January 2011: Businessman Yassin Aglaan buys Anwal's stake for LE230 in addition to assuming financial obligations of LE635 million.


MaidenScotland said:


> Omar Effendi is government run? I thought Saudis bought it out a few years ago... I must keep up lol


----------



## MaidenScotland

ahh so not state run.. and it was Saudis that bought it out only to sell it on this year. I must really read the newspapers more


----------



## charleen

MaidenScotland said:


> ahh so not state run.. and it was Saudis that bought it out only to sell it on this year. I must really read the newspapers more


Omar Efendi changes owners like we change socks........


----------



## CatMandoo

charleen said:


> Omar Efendi changes owners like we change socks........


I remember going into their store in Alex years ago. Bought a pair of pillows. This was before Alex even had Carrefour. Everything in the store was outdated by many years, covered in layers of dust, poorly lit and extremely depressing.

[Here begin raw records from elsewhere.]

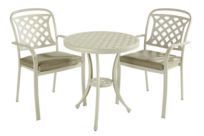 - Set includes: 1 x Bistro Table, 2 x Dining Chairs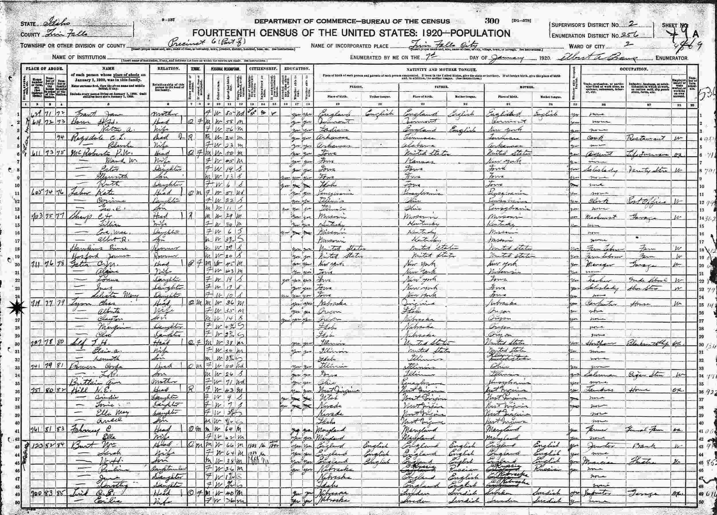January 7, 1920 - 719 2nd Avenue, Ward 2, Precinct 6, Supervisor's District 2, Enumeration District 256, Twin Falls, Twin Falls County, Idaho.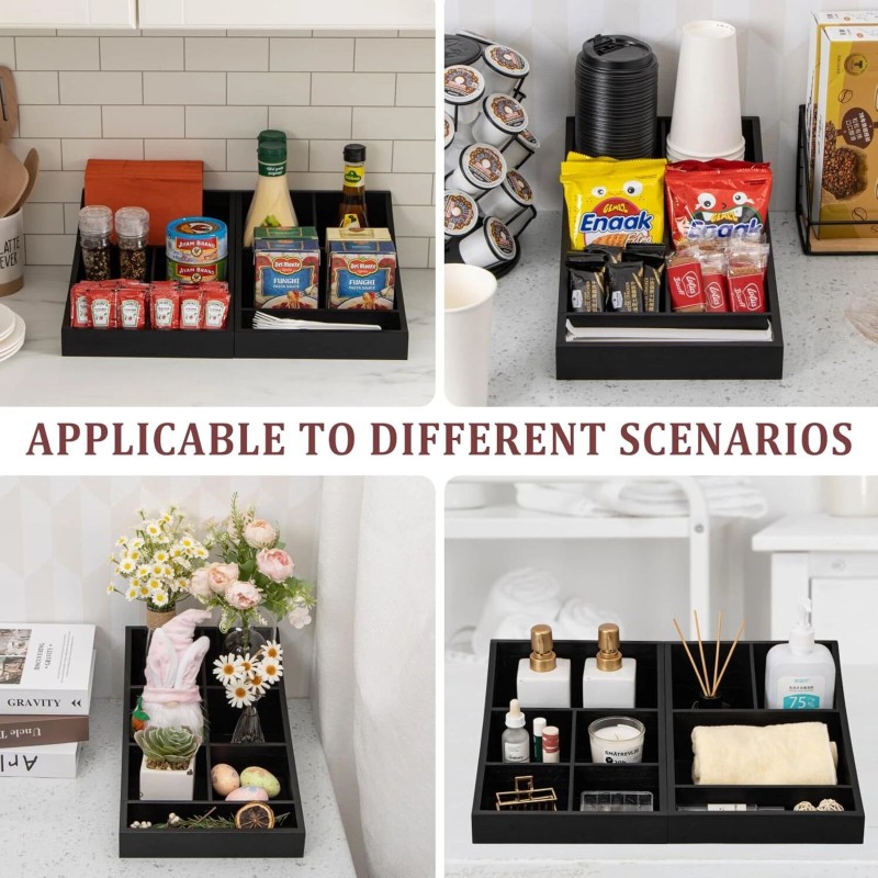 - MULTI-SCENE USE: Designed for versatility, our Coffee Station Organizer serves various purposes. Whether it's on your kitchen counter, office desk, or coffee bar, it effectively organizes your coffee accessories, acting as a functional caddy and condiment tray. Its adaptability ensures seamless integration into different scenes, enhancing both organization and aesthetics.

After telling the clerk I wanted the pillows, I was then taken up I think three flights of stairs to a dank, dismal little office to pay. Given the receipt I was then taken back to where the pillows were. After that, they were bagged and then I had to take the pillows and receipt to another checkout station - as proof I had paid, before I could exit the store. All this and I was the only person in the entire store!

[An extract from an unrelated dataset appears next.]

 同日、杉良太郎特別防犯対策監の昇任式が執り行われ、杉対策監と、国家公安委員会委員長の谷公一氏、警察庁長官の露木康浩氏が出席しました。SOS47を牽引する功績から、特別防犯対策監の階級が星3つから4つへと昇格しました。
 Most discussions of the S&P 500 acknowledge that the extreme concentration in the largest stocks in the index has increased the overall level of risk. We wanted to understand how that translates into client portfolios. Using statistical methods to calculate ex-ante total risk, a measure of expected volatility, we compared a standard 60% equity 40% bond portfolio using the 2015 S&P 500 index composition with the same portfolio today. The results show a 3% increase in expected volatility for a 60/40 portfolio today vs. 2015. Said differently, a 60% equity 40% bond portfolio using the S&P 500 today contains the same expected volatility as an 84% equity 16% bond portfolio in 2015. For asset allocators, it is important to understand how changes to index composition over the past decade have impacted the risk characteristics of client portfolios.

Never went back - never will.


----------



## hurghadapat

CatMandoo said:


> I remember going into their store in Alex years ago. Bought a pair of pillows. This was before Alex even had Carrefour. Everything in the store was outdated by many years, covered in layers of dust, poorly lit and extremely depressing.
> 
> After telling the clerk I wanted the pillows, I was then taken up I think three flights of stairs to a dank, dismal little office to pay. Given the receipt I was then taken back to where the pillows were. After that, they were bagged and then I had to take the pillows and receipt to another checkout station - as proof I had paid, before I could exit the store. All this and I was the only person in the entire store!
> 
> Never went back - never will.


Sounds like the Government shop in Hurghada.


----------



## MaidenScotland

CatMandoo said:


> I remember going into their store in Alex years ago. Bought a pair of pillows. This was before Alex even had Carrefour. Everything in the store was outdated by many years, covered in layers of dust, poorly lit and extremely depressing.
> 
> After telling the clerk I wanted the pillows, I was then taken up I think three flights of stairs to a dank, dismal little office to pay. Given the receipt I was then taken back to where the pillows were. After that, they were bagged and then I had to take the pillows and receipt to another checkout station - as proof I had paid, before I could exit the store. All this and I was the only person in the entire store!
> 
> Never went back - never will.




lol they still do this... just shows you how trusting of their staff they are 

Shopping in Barbados is the same.. take your goods to one counter and they give you a written receipt that you take to the cash counter to pay and be stamped.. then go back and pick up your goods.


----------



## HeartDream

MaidenScotland said:


> Please remind me.. what video?


The cartoon you mentioned earlier with a bearded man going no bikini no bikini  and the rest of the crowd going no work no food or something along those lines


----------



## GM1

*Following court ruling, Egypt returns iconic retail chain to public sector* 

The Egyptian government on Tuesday began implementing an Administrative Judicial Court ruling issued in May, *which restored the iconic retail chain Omar Effendi to the public sector, annulling a 2006 deal selling the company to a Saudi investor.*
The National Company for Construction, representing the government, sent its representatives to reclaim the company's main branch on Tuesday, which is located on Adly Street in downtown Cairo, as well as four other branches.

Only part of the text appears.